平成元年【注】六月五日深夜,稻村崎公寓大樓五樓五○二室,正在舉行松村賢策的通宵守靈儀式。
【注】公元一九八九年。
遺孀富子穿着喪服,與最後一名吊唁者寒暄着。
富子的母親已亡故,姐姐因為要照顧四個孩子忙得不可開交,無法抽身前來幫忙。
遠道而來的夫家親戚則已回旅館休息。
最後的吊唁者名叫織田,他是松村的上司。
松村生前曾得到他的關照,尤其是患了嚴重的神經衰弱之後,似乎給他添了不少麻煩。
織田是名略微發福的中年男子,高大魁梧,戴眼鏡,圓鼻厚唇。
此刻,他伸出粉紅色的大舌頭滋滋滋地舔着嘴唇,眼睛透過鏡片緊緊盯着端坐在坐墊上的富子的大腿。

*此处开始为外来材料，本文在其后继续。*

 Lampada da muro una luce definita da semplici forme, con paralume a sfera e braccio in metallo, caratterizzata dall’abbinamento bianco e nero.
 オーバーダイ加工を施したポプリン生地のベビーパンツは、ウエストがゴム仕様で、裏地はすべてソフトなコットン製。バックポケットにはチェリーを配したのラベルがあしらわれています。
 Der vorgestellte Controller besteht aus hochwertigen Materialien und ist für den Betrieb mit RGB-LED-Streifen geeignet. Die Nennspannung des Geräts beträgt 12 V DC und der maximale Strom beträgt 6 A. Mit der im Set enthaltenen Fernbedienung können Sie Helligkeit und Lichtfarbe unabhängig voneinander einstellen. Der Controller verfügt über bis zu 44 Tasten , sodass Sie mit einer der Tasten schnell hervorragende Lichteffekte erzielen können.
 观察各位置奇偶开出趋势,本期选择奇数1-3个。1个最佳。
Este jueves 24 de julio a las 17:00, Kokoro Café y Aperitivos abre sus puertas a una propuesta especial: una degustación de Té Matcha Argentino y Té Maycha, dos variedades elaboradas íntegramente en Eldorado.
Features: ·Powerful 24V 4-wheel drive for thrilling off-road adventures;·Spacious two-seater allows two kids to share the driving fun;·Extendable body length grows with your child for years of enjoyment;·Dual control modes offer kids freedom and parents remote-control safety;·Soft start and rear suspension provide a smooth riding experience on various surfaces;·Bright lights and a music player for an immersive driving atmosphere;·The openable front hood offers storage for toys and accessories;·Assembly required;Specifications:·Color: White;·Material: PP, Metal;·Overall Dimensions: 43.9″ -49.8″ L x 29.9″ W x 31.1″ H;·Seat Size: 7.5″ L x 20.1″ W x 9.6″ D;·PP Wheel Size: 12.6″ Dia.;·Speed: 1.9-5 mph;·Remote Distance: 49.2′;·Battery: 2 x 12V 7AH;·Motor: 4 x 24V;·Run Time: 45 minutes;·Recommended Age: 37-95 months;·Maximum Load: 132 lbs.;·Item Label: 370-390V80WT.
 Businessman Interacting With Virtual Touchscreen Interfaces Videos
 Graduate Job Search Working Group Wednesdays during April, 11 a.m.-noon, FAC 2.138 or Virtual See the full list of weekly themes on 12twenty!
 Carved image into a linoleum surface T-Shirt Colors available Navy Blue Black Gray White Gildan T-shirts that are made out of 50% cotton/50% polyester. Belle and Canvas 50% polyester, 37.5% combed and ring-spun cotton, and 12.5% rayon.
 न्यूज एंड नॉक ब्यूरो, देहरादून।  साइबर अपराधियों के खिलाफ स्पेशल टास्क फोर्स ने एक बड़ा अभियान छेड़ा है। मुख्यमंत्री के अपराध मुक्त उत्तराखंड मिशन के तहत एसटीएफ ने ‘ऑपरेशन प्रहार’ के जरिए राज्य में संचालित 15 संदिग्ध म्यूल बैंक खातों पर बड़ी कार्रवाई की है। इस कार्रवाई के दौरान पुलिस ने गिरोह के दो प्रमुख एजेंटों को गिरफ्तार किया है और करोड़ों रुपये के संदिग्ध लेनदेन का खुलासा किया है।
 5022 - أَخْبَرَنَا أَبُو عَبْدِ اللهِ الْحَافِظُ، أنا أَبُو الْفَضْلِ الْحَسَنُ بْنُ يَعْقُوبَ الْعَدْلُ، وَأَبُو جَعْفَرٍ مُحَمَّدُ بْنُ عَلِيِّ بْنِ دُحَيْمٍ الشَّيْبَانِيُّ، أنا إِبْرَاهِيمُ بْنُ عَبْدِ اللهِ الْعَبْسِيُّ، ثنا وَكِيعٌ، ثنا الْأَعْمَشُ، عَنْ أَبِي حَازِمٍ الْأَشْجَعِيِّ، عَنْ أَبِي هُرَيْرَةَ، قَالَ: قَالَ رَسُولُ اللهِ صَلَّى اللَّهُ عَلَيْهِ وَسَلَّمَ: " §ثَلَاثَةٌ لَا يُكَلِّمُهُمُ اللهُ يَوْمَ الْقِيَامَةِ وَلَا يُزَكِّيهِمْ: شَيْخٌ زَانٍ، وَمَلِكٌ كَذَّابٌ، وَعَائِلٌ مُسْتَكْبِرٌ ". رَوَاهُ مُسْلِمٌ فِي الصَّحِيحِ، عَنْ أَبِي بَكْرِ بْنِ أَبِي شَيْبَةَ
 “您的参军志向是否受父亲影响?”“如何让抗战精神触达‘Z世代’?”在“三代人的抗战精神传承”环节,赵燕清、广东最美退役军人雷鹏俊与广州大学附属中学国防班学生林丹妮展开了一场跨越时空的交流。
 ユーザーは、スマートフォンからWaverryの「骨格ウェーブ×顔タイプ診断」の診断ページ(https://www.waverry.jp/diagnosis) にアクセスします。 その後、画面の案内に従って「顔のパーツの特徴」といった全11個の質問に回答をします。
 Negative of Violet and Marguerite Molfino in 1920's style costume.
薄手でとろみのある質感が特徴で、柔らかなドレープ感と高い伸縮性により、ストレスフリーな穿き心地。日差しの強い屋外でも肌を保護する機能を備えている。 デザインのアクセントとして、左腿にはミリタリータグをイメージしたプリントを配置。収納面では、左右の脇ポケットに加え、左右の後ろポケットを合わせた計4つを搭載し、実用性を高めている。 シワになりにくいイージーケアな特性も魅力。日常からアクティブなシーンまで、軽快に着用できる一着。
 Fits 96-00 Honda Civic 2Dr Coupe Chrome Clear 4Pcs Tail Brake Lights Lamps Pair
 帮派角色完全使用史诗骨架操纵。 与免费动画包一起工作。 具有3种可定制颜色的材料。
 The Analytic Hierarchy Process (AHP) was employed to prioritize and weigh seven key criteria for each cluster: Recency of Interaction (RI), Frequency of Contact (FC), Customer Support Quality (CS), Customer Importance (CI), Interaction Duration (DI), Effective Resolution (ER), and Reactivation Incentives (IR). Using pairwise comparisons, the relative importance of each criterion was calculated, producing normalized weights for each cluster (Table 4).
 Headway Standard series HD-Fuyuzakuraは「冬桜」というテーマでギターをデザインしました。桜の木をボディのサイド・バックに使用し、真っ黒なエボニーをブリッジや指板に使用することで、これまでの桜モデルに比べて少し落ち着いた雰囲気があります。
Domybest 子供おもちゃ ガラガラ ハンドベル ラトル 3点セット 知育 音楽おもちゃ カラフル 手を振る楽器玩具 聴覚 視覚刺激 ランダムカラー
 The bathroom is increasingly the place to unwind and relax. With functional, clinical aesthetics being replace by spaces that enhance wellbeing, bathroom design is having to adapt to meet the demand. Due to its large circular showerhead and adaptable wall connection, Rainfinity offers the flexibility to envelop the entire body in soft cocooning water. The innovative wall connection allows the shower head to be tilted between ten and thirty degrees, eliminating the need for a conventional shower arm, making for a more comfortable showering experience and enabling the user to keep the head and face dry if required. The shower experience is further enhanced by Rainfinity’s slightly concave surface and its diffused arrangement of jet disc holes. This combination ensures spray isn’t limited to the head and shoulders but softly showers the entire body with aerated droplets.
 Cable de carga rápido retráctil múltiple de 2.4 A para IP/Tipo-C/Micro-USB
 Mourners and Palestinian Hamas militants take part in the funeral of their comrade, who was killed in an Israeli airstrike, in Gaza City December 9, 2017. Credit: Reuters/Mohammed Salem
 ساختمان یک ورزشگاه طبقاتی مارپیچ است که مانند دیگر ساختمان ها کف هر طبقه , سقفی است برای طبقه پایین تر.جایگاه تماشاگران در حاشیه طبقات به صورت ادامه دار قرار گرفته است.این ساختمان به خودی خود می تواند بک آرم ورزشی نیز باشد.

因為穿了和服,富子的大腿沒有外露,對這種色迷迷的目光倒不用太過介意。
但在丈夫的棺木前,隻有兩人相向而坐,仍給富子帶來幾分不快。
要是有孩子的話,或許能救自己一把。
但不知是幸運還是不幸,在有孩子之前,丈夫就撒手歸西了。
此時正值雨季,外面從早到晚都傳來淅淅瀝瀝的雨聲。
富子知道男性對于穿着喪服的寡婦抱着怎樣的想法,所以希望他早點回去。
身體的疲累已達到極限,她很想鋪好被褥躺下休息,也想獨自痛哭一場。
但織田似乎還沒有回去的意思,反複唠叨着“今後我會盡力照顧你”之類的話,賴着不走。
“松村君究竟是從哪一層樓跳下去的?搞清楚了沒有?”
“還沒有。
”富子答道。
“還沒有搞清楚?”織田大吼,“這是怎麼回事呀!”
“真的還沒有搞清楚,但我一定會查清的!在查清楚之前,我絕不離開這裡。
”
“哦,是嗎?”
“我下定決心徹查到底。
真相不白,先夫死不瞑目呀!”
“嗯,那就這樣吧。
”織田用施恩的口氣說道,“我的下屬可以助你一臂之力,如何?你一個人調查,能力畢竟有限呀。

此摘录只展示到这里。